It's important to note is that this proposal doesn't restrict the amount of control a WebGPU author has. If an author wants to allocate their own map/copy buffer and explicitly copy the data to/from it on its way to its final destination (as they would do today), they can still do that, and no invisible-under-the-hood temporary buffers would be allocated.

This proposal also has a natural path forward for read/write mapping.

Dec 07 '21 01:12 litherum

Overall I'm worried about modifying the buffer mapping mechanisms this late, when it was perhaps the single most difficult part of the API to find a good design for and reach consensus on. I think a UMA optional feature would make a

We discussed the slight inefficiencies that UMA has with the current mapping mechanism multiple times in F2F, and https://github.com/gpuweb/gpuweb/issues/605 suggests a UMA feature could be done to optimize this later (later could be now). The proposal is interesting but has some issues.

Side note: there is also mappedAtCreation which was added so that the initial upload of data in buffers can be made perfectly efficient on UMA systems. (up to the copies necessary for the process separation).

Multiple buffers per `GPUBuffer`

It breaks down the model that one WebGPU buffer == one underlying API buffer. This is a pretty useful thing to keep because it makes it very clear to the developer what the memory cost of things is. That you can have temporary staging for mappedAtCreation, and potentially shmem wrapped in the ArrayBuffer given to JS is already very difficult for developers to reason about in terms of cost.

Cost of consistency for `MAP_WRITE`

Currently MAP_WRITE buffers give you an ArrayBuffer that contains the current content of the buffer. Since the buffer can only be written by Javascript, no copies are ever needed to update the content of the buffer, it's just the ArrayBuffer wrapping shmem shared between the GPU and Web processes. If the GPU can write to the buffer, then we need to copy data from the UMA buffer to the shmem (or even worse, from VRAM to readback to shmem).

On the other side, if we say that mapAsync(MAP_WRITE) always zeroes the buffer, then in most cases the CPU has to zero the buffer, since the UMA/readback buffer isn't shared with the Web process. Either there's a memset(0) or a memcpy from the UMA buffer to the shmem.

Consistency for `MAP_READ`

What happens when Javascript writes into the buffer mapped for reading? Assuming you are able to create an MTLBuffer from a shmem FD to reduce the number of copies to the maximum, the writes that Javascript did all of a sudden become visible to the GPU, while an all other configurations, Javascript writing to the buffer doesn't have any visible effect for the GPU?
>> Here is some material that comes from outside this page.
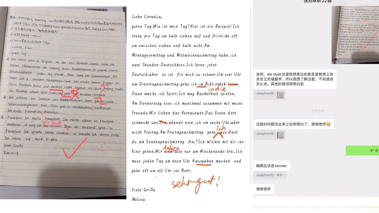 另外,来自大二大三的助教学姐在德语学习上也给了同学们很大的帮助,每天晚自习开始前我都会和助教们说一下今天复习内容的重点,以及哪位同学的发音需要她们帮忙纠正,在她们的监督和协助下,大家学习效率和效果都有了明显的提升。

Relatively little gains and a feature proposal

The gains you get with the proposal you suggested seem small: if you have a large amount of data to initialize buffers with, then you can use mappedAtCreation that's the optimal path. If you need to modify part of a buffer while it's in use, then you have to schedule a copy because mapping is an ownership transfer of the full buffer (I tried to figure out how to do sub-range mapping efficiently but gave up).

So the cases this help are when you need to upload data to a buffer that's not being created, but also not currently in use by the GPU. This should be a fraction of the actual buffer transfers. Still might be worth speccing an optional feature, but not modifying the core buffer mapping spec.

The optional "UMA" feature could:

Lift the restriction for MAP_WRITE to allow any other read-only usages.
MAP_READ already allows all the write-only usages. But maybe more are added in the future so the extension would also lift that? Or it allows it with any other usages, but assumes there is always a UMA -> shmem copy happening in the GPU process (so that JS writes are never made visible to the GPU).

Dec 07 '21 17:12 Kangz

I was going to have comments but @Kangz covered everything I was going to say and more.

Dec 08 '21 02:12 kainino0x

It breaks down the model that one WebGPU buffer == one underlying API buffer.

This isn't true. This proposal requires scratch space, certainly, but so does writeBuffer(). It's no worse.

Dec 08 '21 21:12 litherum

What happens when Javascript writes into the buffer mapped for reading?

This is a good point! I suppose this proposal only makes sense for read/write buffers (which we don't have today, but I think has a natural path forward).

Dec 08 '21 21:12 litherum

It's relatively rare for an application to actually need read/write mapping. Sure we could add them for this use-case, but applications would still need to know which one to use and explicitly switch between them based on whether the adapter is UMA or not.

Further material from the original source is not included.